THE PROBLEM: Print the listing below word for word, but drop any pictures it contains.

GIVEN DATA:
========================

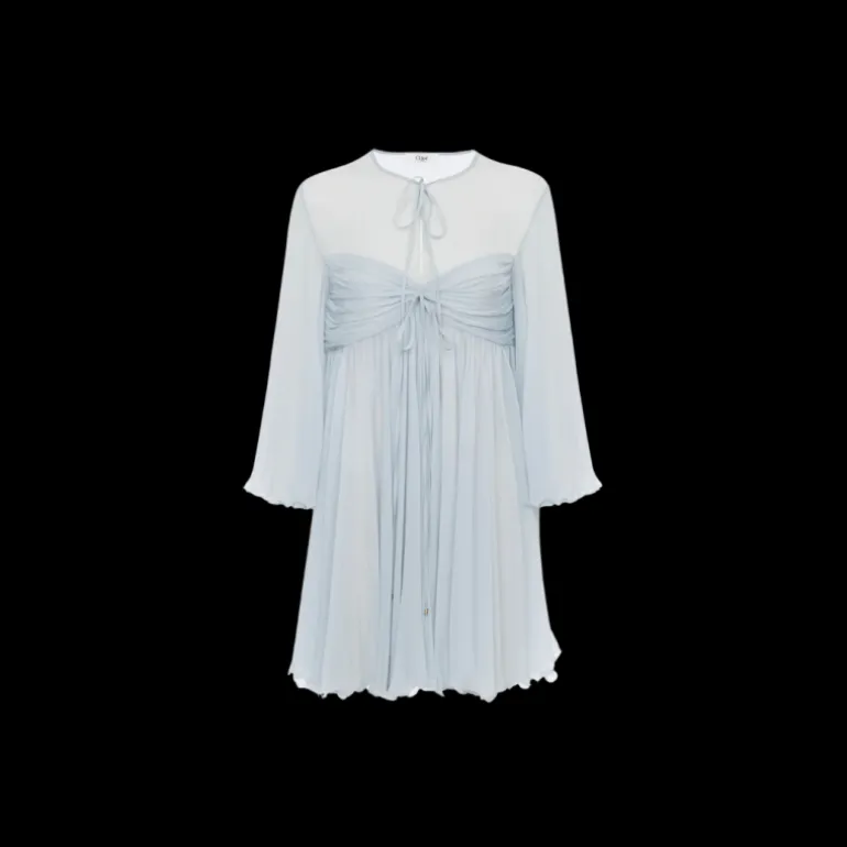 Mini robe plissée mousseline soie bleu ciel fronces liens
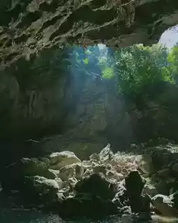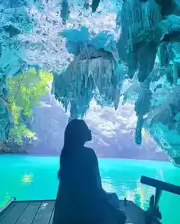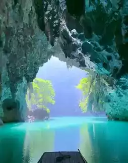 ❷ Linna Cave: Walk to the right of the big banyan tree to the cave, and you can enjoy the water view and boats under the skylight
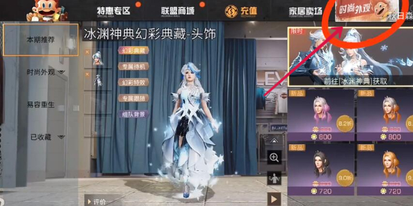 1、玩家首先进入游戏,打开商城后,点击右上角的时尚外观;

========================

EXPECTED ANSWER:
 Mini robe plissée mousseline soie bleu ciel fronces liens
 ❷ Linna Cave: Walk to the right of the big banyan tree to the cave, and you can enjoy the water view and boats under the skylight
 1、玩家首先进入游戏,打开商城后,点击右上角的时尚外观;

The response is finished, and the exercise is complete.